‘For the love of life itself don’t do that!’ Fronto gasped.
Masgava was merely studying Fronto and his gaze led the Roman to look down. In the golden glow of the doorway the swathe of drying blood across his chiton was rather prominent, and the sword in his grip was still oily red with spots of coagulation. He must look a sight.
‘I say again,’ the big man said quietly, ‘what happened to you?’
Fronto brushed the question aside. ‘Is everyone alright?’
Without waiting, Fronto rushed into the doorway, Masgava turning to follow, the other three behind.
‘Of course they are.’
‘Why is the front door open?’
Masgava tutted. ‘Fronto, it’s exceedingly warm. You have a headstrong wife and two young children. A through draft was required.’
Fronto turned to see the three behind him: Cavarinos, Biorix and Aurelius. ‘Shut that door. Aurelius, you stay and keep watch. Biorix, head round the villa and make sure every door and window is secured.
‘You think they’re coming?’ Masgava murmured.

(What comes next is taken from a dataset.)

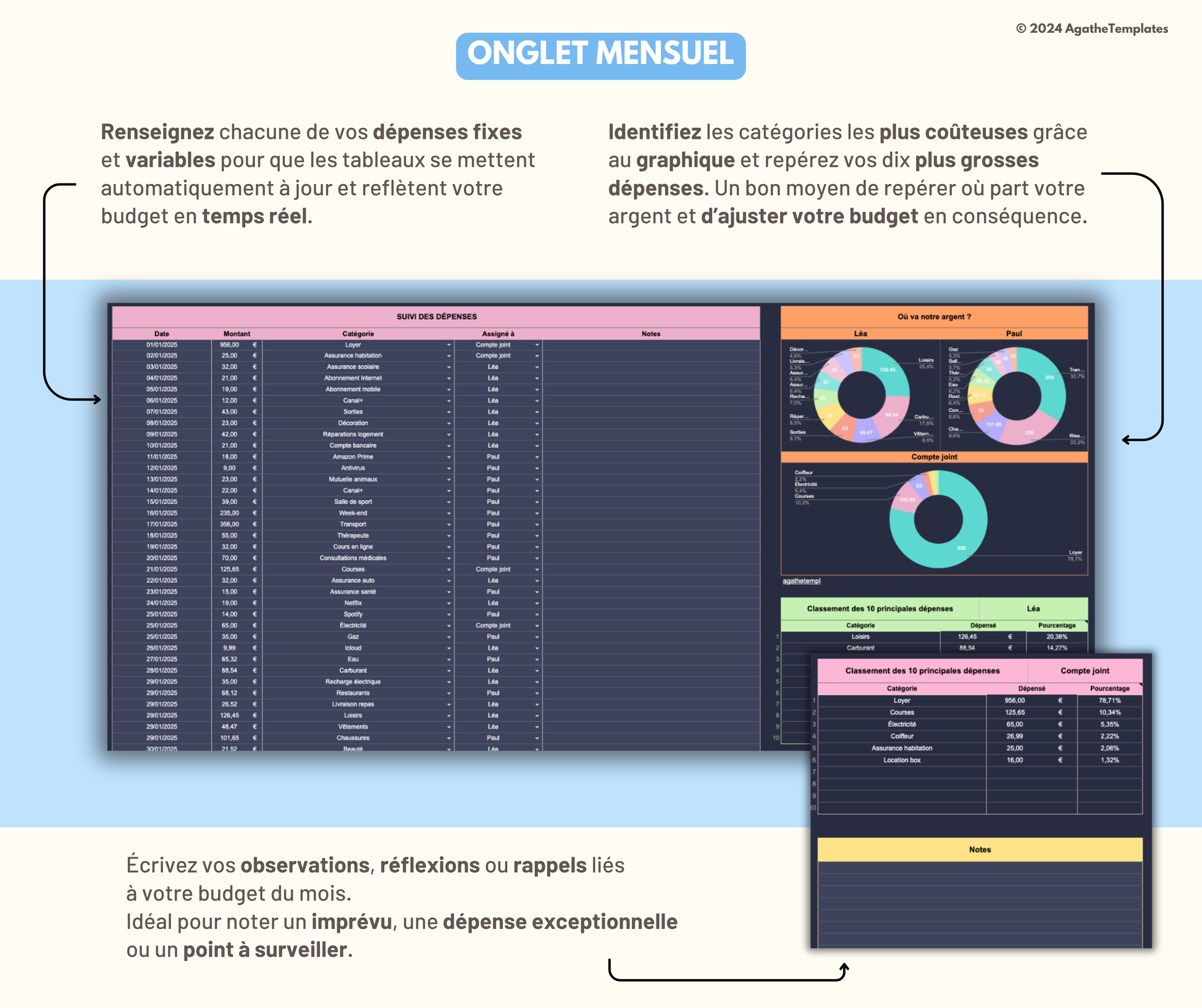 Conçu pour simplifier la gestion financière à deux, cet outil vous permet de suivre séparément vos dépenses personnelles et, si vous en utilisez un, celles du compte commun. Même sans compte joint, le tracker s’adapte parfaitement : il centralise toutes vos informations pour vous offrir une vision claire de vos finances mois après mois, et vous aider à atteindre vos objectifs annuels ensemble 💪🏼

Fronto indicated the crimson spray on his chiton. ‘Not all of them. We met one in the town. But that means there are eleven unaccounted for. I had assumed they were here. The one we met knew me by name and knew that I was a wine merchant, so we can assume they are well aware of the villa. Somewhere down in town they will have found directions for the villa. Get everyone on full alert and make sure all staff are accounted for.’
Masgava inclined his head.
‘Who’s at the back door?’ Fronto added.
‘Arcadios.’
The former legate felt his heart begin to slow as he made his way through the villa, tutting irritably at the open shutters he passed time and again. The rear door was as open as the front and lit by an oil lamp in the shape of a giant winged phallus. Like Masgava at the front, Arcadios was bright enough not to be standing presenting a tempting silhouette in the doorway. The Greek archer was seated on a marble bench to the left of the door, outside. True to professional form, his bow was strung and leaning against the wall a foot from his hand, and five arrows stood vertical from the raised flower bed into which he had pushed them for easy access. Unless they had very sharp eyes, anyone coming for the back of the villa would be pinned to the sheds before they even knew there was a man in the shadows there. Fronto nodded his satisfaction. For an archer, the glow of the door would provide a useful distraction to dazzle any on-comer. The back door was safer open than closed with Arcadios there.
As he turned and made his way back towards the atrium, Lucilia appeared from a side door.
‘What is…’
She stopped mid-sentence as she took in the state of her husband. ‘I assume none of that blood is yours, my love?’
Fronto smiled reassuringly. ‘Not a drop. Well, the bit on my forehead, but that’s just a scratch from a water jug.’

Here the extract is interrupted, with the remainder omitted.